U.S. authorities have virtually sealed any illuminating information about the recent FBI counterterrorism arrest of eight ISIS-tied Tajikistani nationals who crossed the southwest border a year ago. They were quickly freed amid the ongoing mass migration flood and claimed asylum. Federal law enforcement acted after a wiretap investigation intercepted communications that detected links to the Tajik-led ISIS-K terrorist group in Afghanistan and chatter about bombs and violent religious ideology. Though we are short of further details about the ISIS links and jihad talk, the initial arrests on immigration charges of border-crossing Tajik immigrants who were quickly freed at the border and got rolled up in a major counterterrorism dragnet constitute a momentous wake-up call that portends public policy consequences.
The multi-agency, FBI-led wiretap terrorism sting, just three months after four Tajik border infiltrators with the ISIS-K conducted a bloody, high body-count attack in Moscow that killed 145, comes too close to consummating an often-verbalized (and just as often ridiculed) fear of U.S.-Mexico border infiltration. That event and several others, including accidental terror suspect releases from the border and a thwarted box truck attack at Quantico Marine Corps Base in May by a Jordanian border-crosser, should demand a resolute U.S. homeland security enterprise pivot to mass border migration as a national security matter, a whole new public safety frontier.
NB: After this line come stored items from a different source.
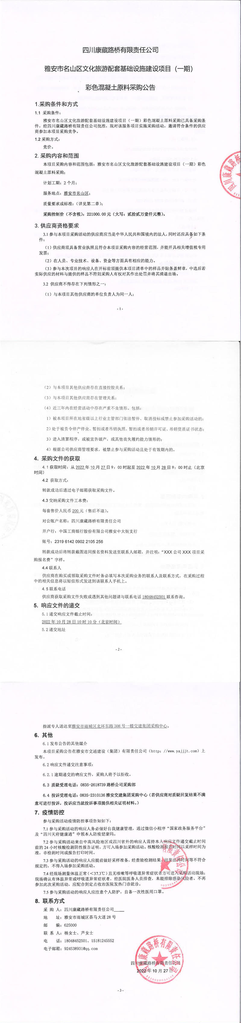 四川康藏路橋有限責任公司雅安市名山區(qū)文化旅游配套基礎(chǔ)設(shè)施建設(shè)項目(一期)彩色混凝土原料采購公告
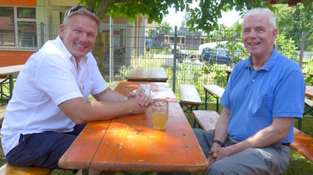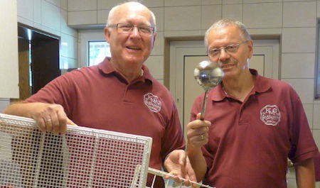 Wolfgang und Klaus erwarten die erste Lieferung von Geschirr zum spülen.
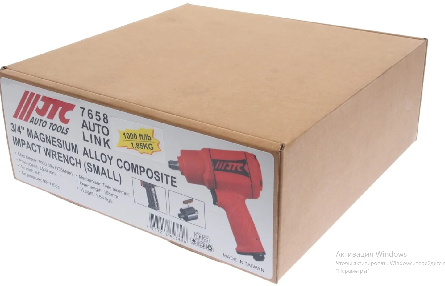 Пневмогайковерт ударный JTC JTC-, 3/4'' (1356 Nm), 90-120PSI, 8500об/мин, расход воздуха 158 L/min -надежный и практичный в эксплуатации инструмент. Используется в автосервисах и мастерских для закручивания болтов и гаек. Наличие удара дает возможность работать с прикипевшими и закисшими соединениями. Модель изготовлена из прочных и качественных материалов, благодаря чему прослужит длительное время. Обрезиненная рукоять пневмогайковерта не скользит в руке, обеспечивая удобный захват.Преимущества Внушительный рабочий ресурс JTC 3/4", 8500 об/мин Конструкция устойчива к механическим повреждениям Возможность длительной работы без остановки и перегрева Низкая пожаро- и взрывоопасность рабочего процесса
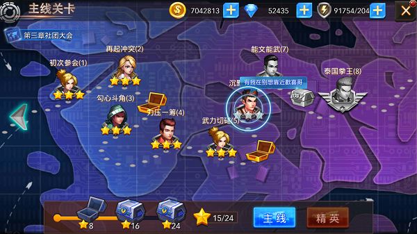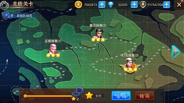开局进服过引导都能达到5~6级左右,即可自由点击功能为你自身提升。点击右下角行动即可进入副本通关,副本分别为主线与精英两大章节。每章节都能获取指定奖励哦!

But despite the public interest necessity of understanding and countering the terror travel tactic, mum has been the only official government word about the “Tajik 8” case since it came to light in early June through anonymously sourced leaks to reporters at the conservative-leaning New York Post and Fox News. Nor has the Tajik 8 case resonated much as a point of public debate, media punditry, or think tank analysis. CBS, NBC, CNN, and other outlets have confirmed the initial reports, which are not disputed by the government, but they seem to have little interest in the deeper implications of the story.